Execute the following command:
sudo apt-get install default-jdk
This is everything that is needed to install Java.
#sudo addgroup hadoop
Adding group `hadoop' (GID 1000) ...
Done.
#sudo adduser --ingroup hadoop hduser
Adding user `hduser' ...
Adding new user `hduser' (1001) with group `hadoop' ...
Creating home directory `/home/hduser' ...

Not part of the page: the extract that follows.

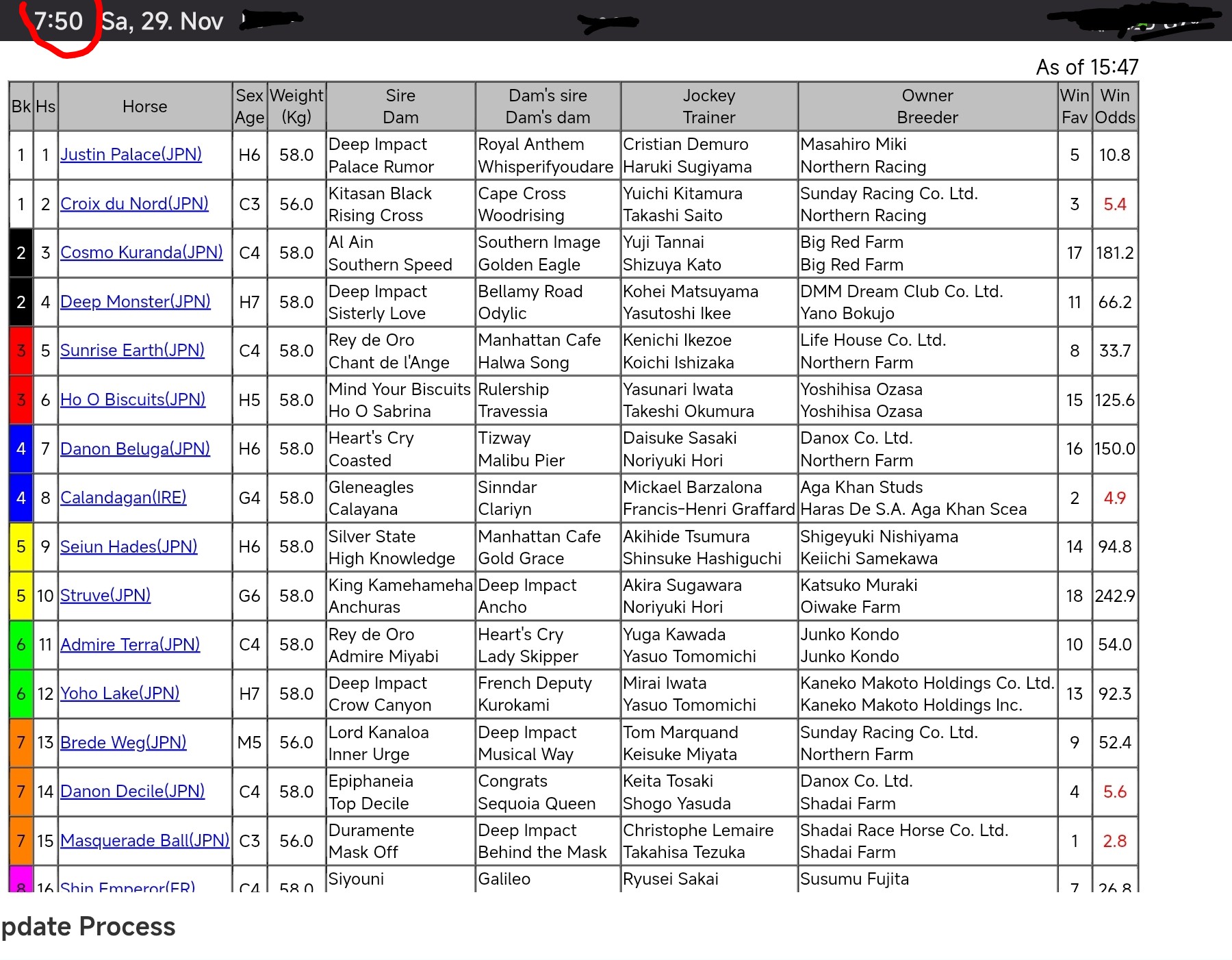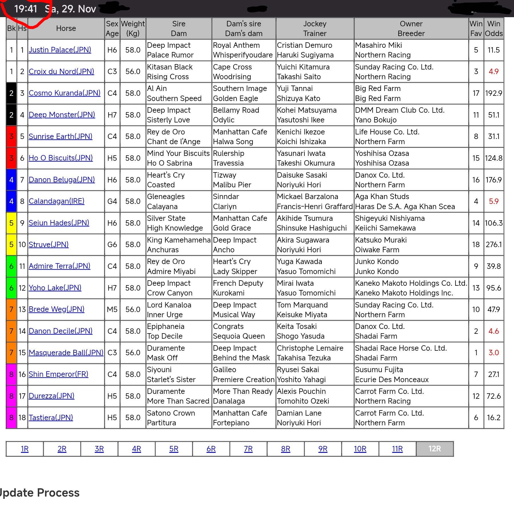 Racecard fürs Arima Kinen morgen früh. In der 1. Spalte u.a.. die letzte verpflichtende Arbeit gegen die Uhr als Konserve. Weitere Spalten die letzten Rennen. Die Körpergewichte werden 1. Std. vor dem Rennen aktualisiert. In der Tabelle steht das rote Kürzel na für not avalibel weil im Ausland nicht gewogen. https://www.jra.go.jp/keiba/thisweek/2023/1224_1/ss.html |

Copying files from `/etc/skel' ...
Enter new UNIX password: (Keep same on all nodes for convenience)
Retype new UNIX password:
passwd: password updated successfully
Changing the user information for hduser
Enter the new value, or press ENTER for the default
Full Name []:
Room Number []:
Work Phone []:
Home Phone []:
Other []:
Is the information correct? [Y/n] Y
Add hduser to group sudo on ztg-master
#sudo adduser hduser sudo
Typically, the cloud service provider’s Ubuntu image must already have
these. (Otherwise you can get them using: sudo apt-get install ssh
)
Check:
#which ssh
/usr/bin/ssh
#which sshd
/usr/sbin/sshd
root@ztg-master:~# sudo vi /etc/sysctl.conf
Add the following lines at the end:
#disable ipv6
net.ipv6.conf.all.disable_ipv6 = 1
net.ipv6.conf.default.disable_ipv6 = 1
net.ipv6.conf.lo.disable_ipv6 = 1
Check:
root@ztg-master:~# cat /proc/sys/net/ipv6/conf/all/disable_ipv6
0
root@ztg-master:~# sudo sysctl -p
net.ipv6.conf.all.disable_ipv6 = 1
net.ipv6.conf.default.disable_ipv6 = 1
net.ipv6.conf.lo.disable_ipv6 = 1
root@ztg-master:~# cat /proc/sys/net/ipv6/conf/all/disable_ipv6
1
(Must do: sudo sysctl -p
for these changes to take effect).
Note: Do this for hduser only on the master node (don’t do on slave nodes).
# su hduser
Password:
Change to hduser home directory and generate ssh key of type rsa and blank passphrase.
hduser@ubuntu:/root$cd ~
hduser@ubuntu:/home/hduser$ ssh-keygen -t rsa -P ""
Generating public/private rsa key pair.
Enter file in which to save the key (/home/hduser/.ssh/id_rsa):
Created directory '/home/hduser/.ssh'.
Your identification has been saved in /home/hduser/.ssh/id_rsa.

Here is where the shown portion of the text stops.